Matias glanced at her, perched against the wall, her gray athletic suit draping the contours of her body. The light from the fire tinted her right side with warm orange, the moonlight painted her left with bluish silver, and the nearly weightless fabric of her suit shimmered slightly. Her dark hair fell loose on her shoulders, and her eyes were blue like the leaves of evaners. She looked beautiful and alive, as if the planet had exhaled its magic and conjured her from its breath to taunt him. He wanted to touch her to see if she was real.

The woods spread for many kilometers around them, steeped in night shadows and glowing with delicate color. The temple sat within them like a tiny man-made island, and their fire was its heart.

It felt like they were the last two people on the planet, just him and her.

It was a dangerous fantasy. It swirled in his mind, until he could think of nothing else. Lying a couple of meters away from her was torture, so he got up and moved to the other end of the entrance to put more distance between them. Sitting like this, he could still watch her, confident that he would crush any temptation to touch her before it got the better of him and made him move closer.

And now she wanted to talk. They were sitting too far apart for a conversation.

It had to be a test. Life or fate or the universe was testing him, and he wasn’t sure he wanted to pass.

He got up and approached her. Five meters, four, two . . . this would do. He didn’t trust himself to get any closer. He sat on the stone floor of the ramp, outside the fire’s light, letting the night obscure his expression. He wasn’t sure what she would see in his eyes.

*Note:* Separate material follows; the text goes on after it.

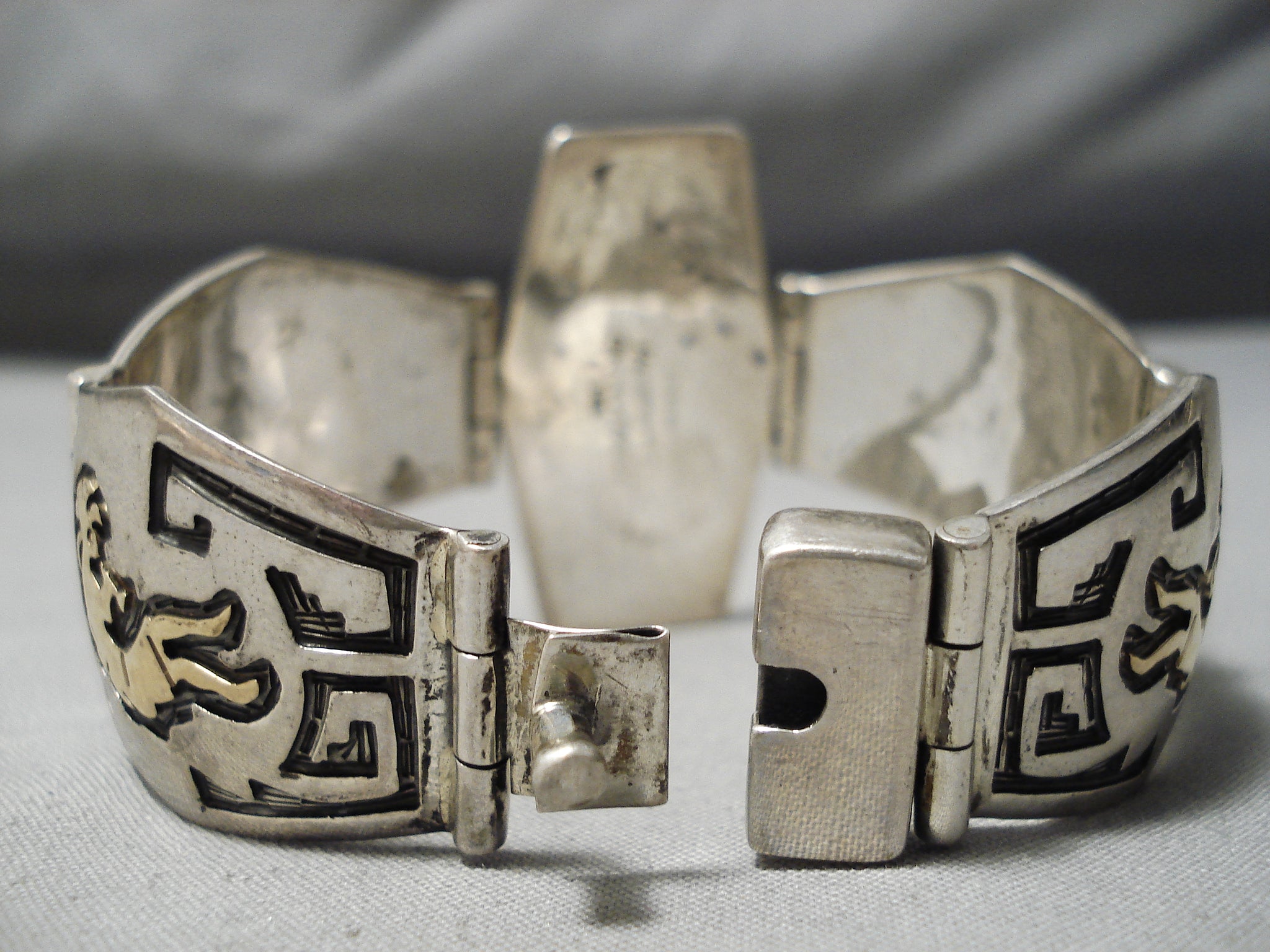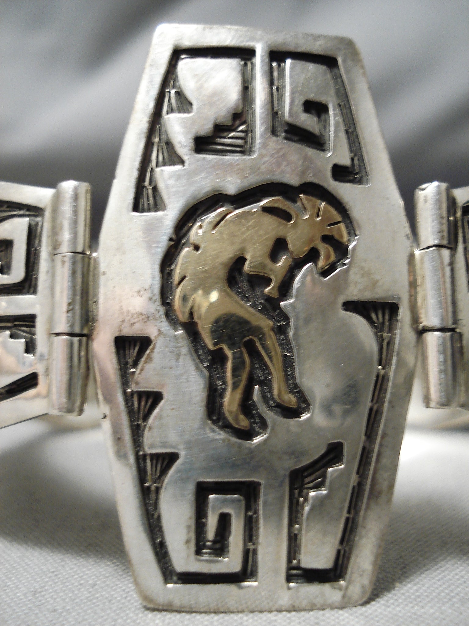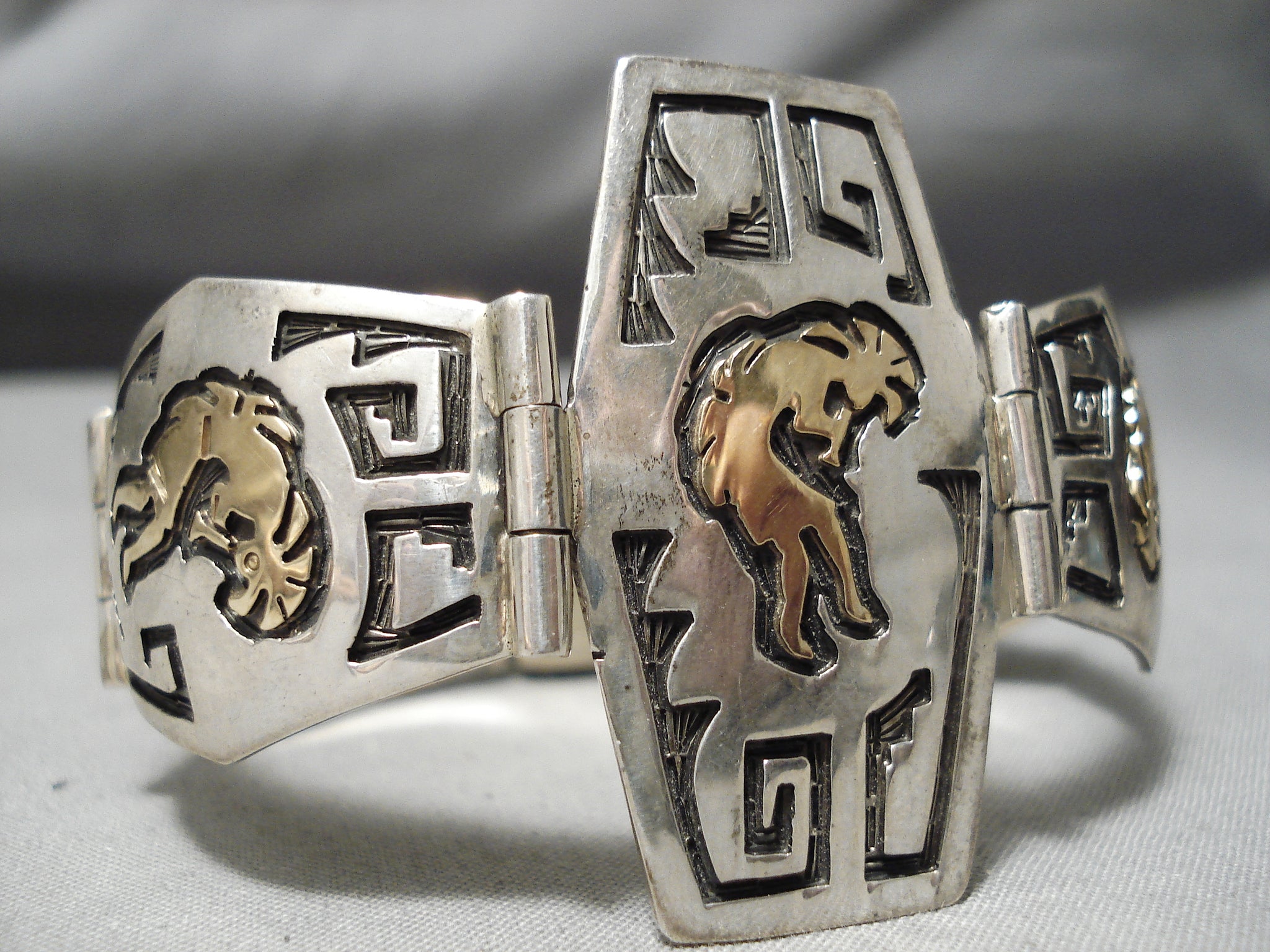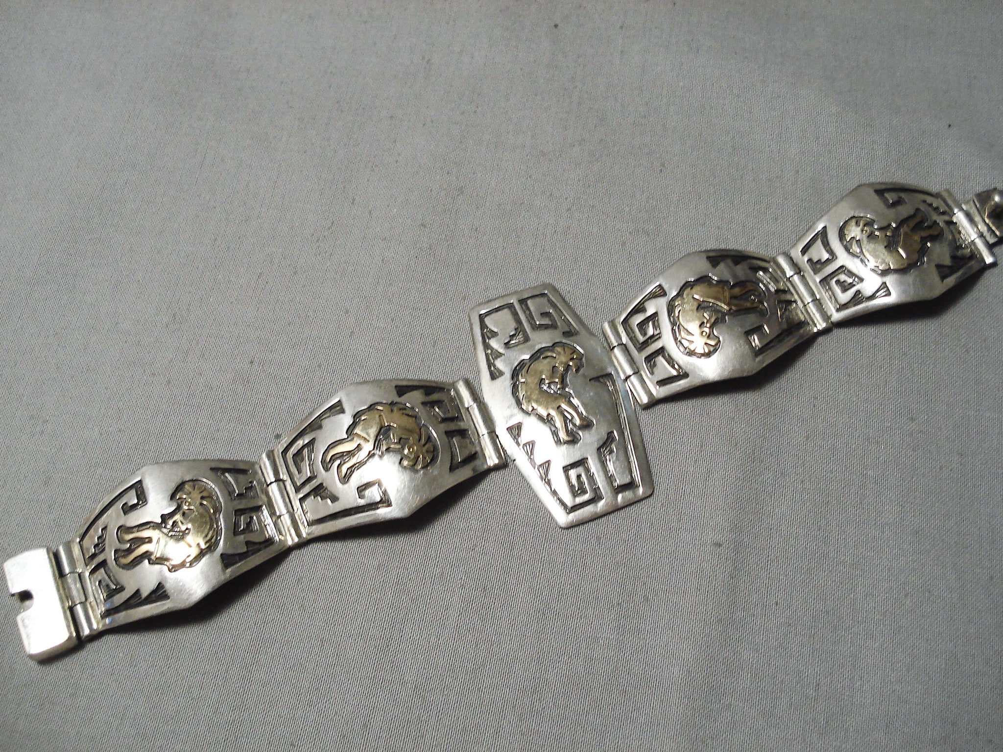 Important Vintage Native American Navajo 14k Gold Sterling Silver Link Bracelet

“An answer for an answer?”

Ramona sighed. “Must everything be an exchange?”

“Yes. Everything is an exchange. Everything is transactional. You breathe in, you breathe out. You train, you get stronger. You do someone a favor, and they reciprocate. You should know that better than anyone, Lady Spider.”

“Fine. What do you want?”

Everything.

“In your restaurant, when I told you that I had no guarantee that you wouldn’t stab me in the back, you told me that I had no room to talk of betrayal, considering where and who I came from. I want to know what you meant by that.”

She mulled it over. “I suppose you’d find out eventually. You have a deal. History for history. Start with why you left the planet.”

This woman always went for the jugular. He settled into a comfortable position on the floor.

“My father’s death broke my mother. One morning we woke up, and my aunt greeted us at the breakfast table in her place. She served us a hava crumble she’d baked that morning and explained that our mom needed some time away. That she was going to be gone for a while, until she dealt with everything. I remember she kind of waved her hands around when she said ‘everything.’”

“I can actually picture that. Your aunt is quite frightening.” Ramona shivered.

He imagined himself walking over and putting his arms around her. “My aunt is a lovely person.”

“Lovely but frightening.”

He thought about it. “That’s probably fair. I realized two things, one good, one bad. The bad thing was that me and my sister were included in the everything. We were a burden, like the family, the business, and the house. I never saw my mother in person after that.”

It still hurt. Fifteen years later.

“Is she . . . ?”

“She’s alive. I get timely medical reports from her annual checkups, and occasionally the villa where she stays requires renovations or repairs. I pay the bills. She refuses my calls.”